INSTRUCTIONS TO FOLLOW:
Within the records below, find the line with "Delighted - once" and the line with "Faith & Funding", then reproduce exactly those two lines and all lines between them, without any picture.

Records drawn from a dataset
*** Begin section ***
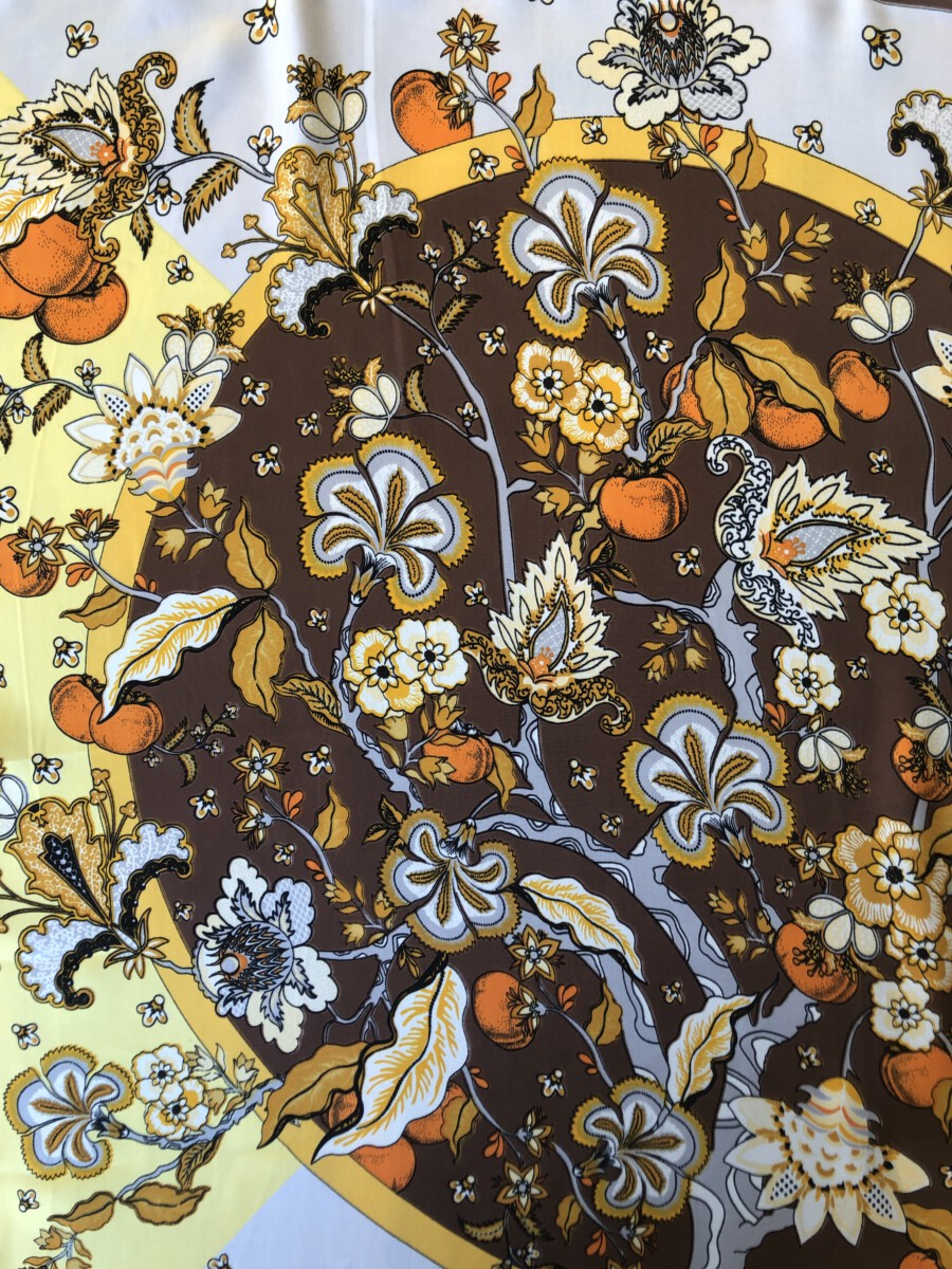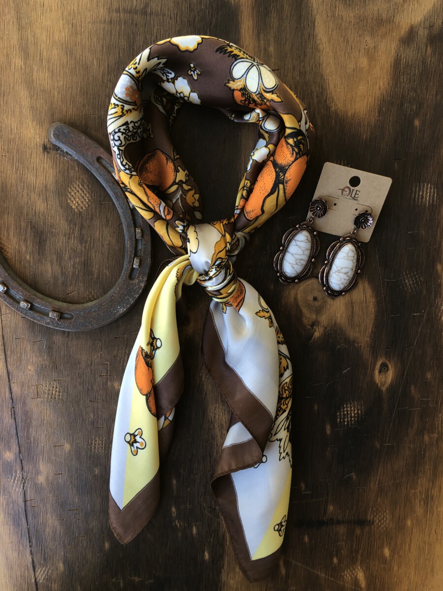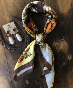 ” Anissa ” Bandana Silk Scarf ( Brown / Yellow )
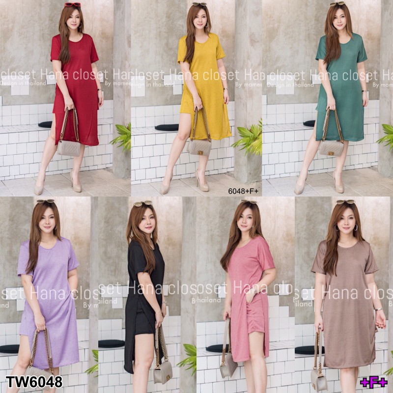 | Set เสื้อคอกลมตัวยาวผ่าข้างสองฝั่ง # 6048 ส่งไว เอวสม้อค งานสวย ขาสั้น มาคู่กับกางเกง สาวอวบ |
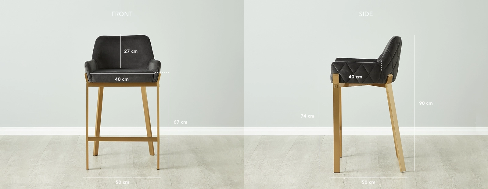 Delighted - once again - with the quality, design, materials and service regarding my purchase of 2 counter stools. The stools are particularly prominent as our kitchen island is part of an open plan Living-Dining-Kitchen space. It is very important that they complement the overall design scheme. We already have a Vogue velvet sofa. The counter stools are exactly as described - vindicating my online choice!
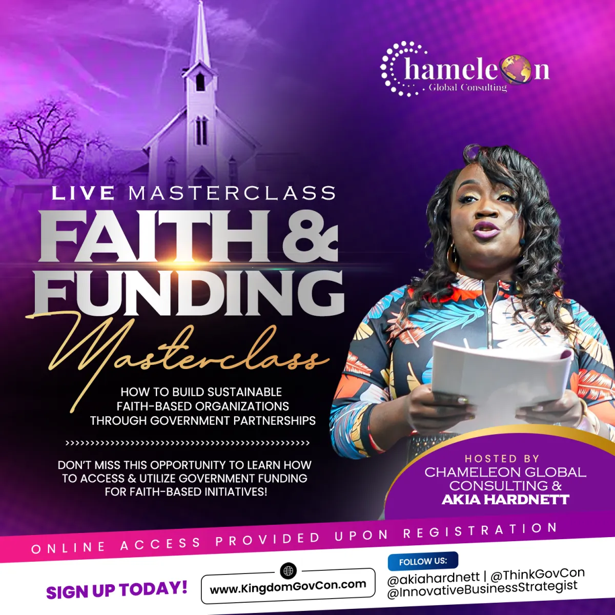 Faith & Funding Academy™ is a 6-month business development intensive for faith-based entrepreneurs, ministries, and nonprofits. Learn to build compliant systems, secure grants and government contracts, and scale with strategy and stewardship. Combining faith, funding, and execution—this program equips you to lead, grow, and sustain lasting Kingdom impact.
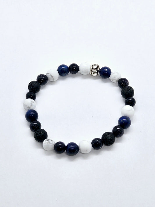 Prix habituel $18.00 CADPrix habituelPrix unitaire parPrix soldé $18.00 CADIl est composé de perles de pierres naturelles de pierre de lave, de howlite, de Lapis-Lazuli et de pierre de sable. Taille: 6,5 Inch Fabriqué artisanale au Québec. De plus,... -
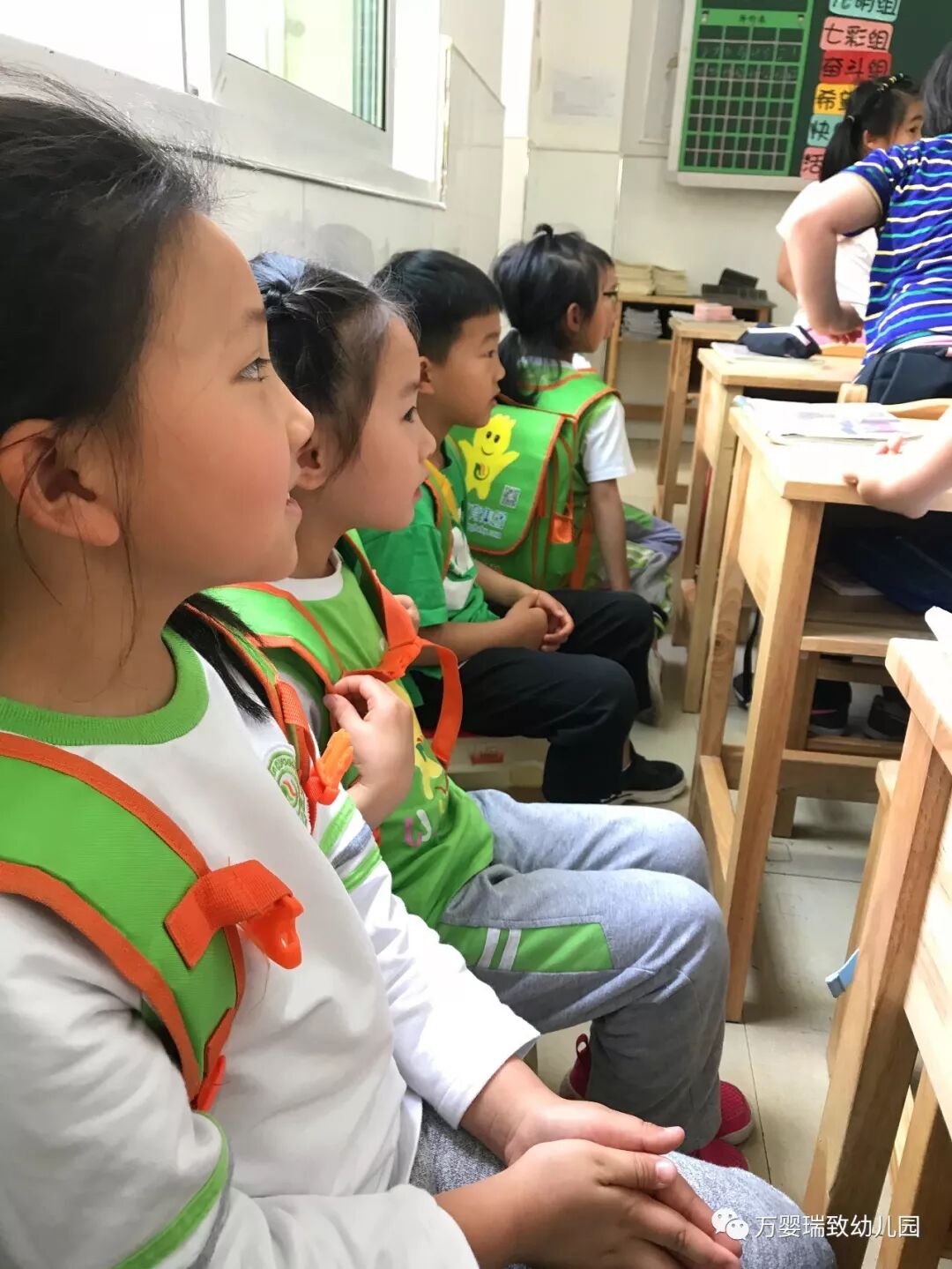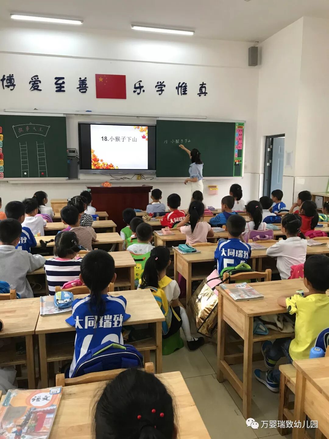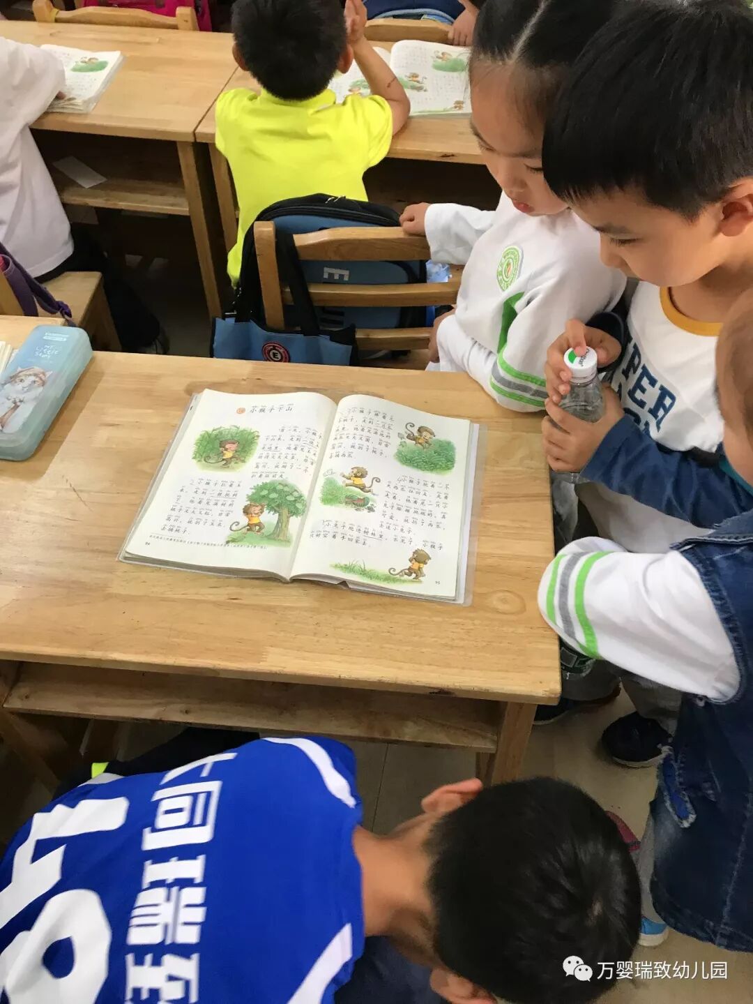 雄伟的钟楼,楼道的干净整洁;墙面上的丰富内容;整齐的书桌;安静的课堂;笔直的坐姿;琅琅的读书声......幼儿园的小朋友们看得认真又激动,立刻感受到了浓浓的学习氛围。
*** End section ***
TASK ANSWER:
 Delighted - once again - with the quality, design, materials and service regarding my purchase of 2 counter stools. The stools are particularly prominent as our kitchen island is part of an open plan Living-Dining-Kitchen space. It is very important that they complement the overall design scheme. We already have a Vogue velvet sofa. The counter stools are exactly as described - vindicating my online choice!
 Faith & Funding Academy™ is a 6-month business development intensive for faith-based entrepreneurs, ministries, and nonprofits. Learn to build compliant systems, secure grants and government contracts, and scale with strategy and stewardship. Combining faith, funding, and execution—this program equips you to lead, grow, and sustain lasting Kingdom impact.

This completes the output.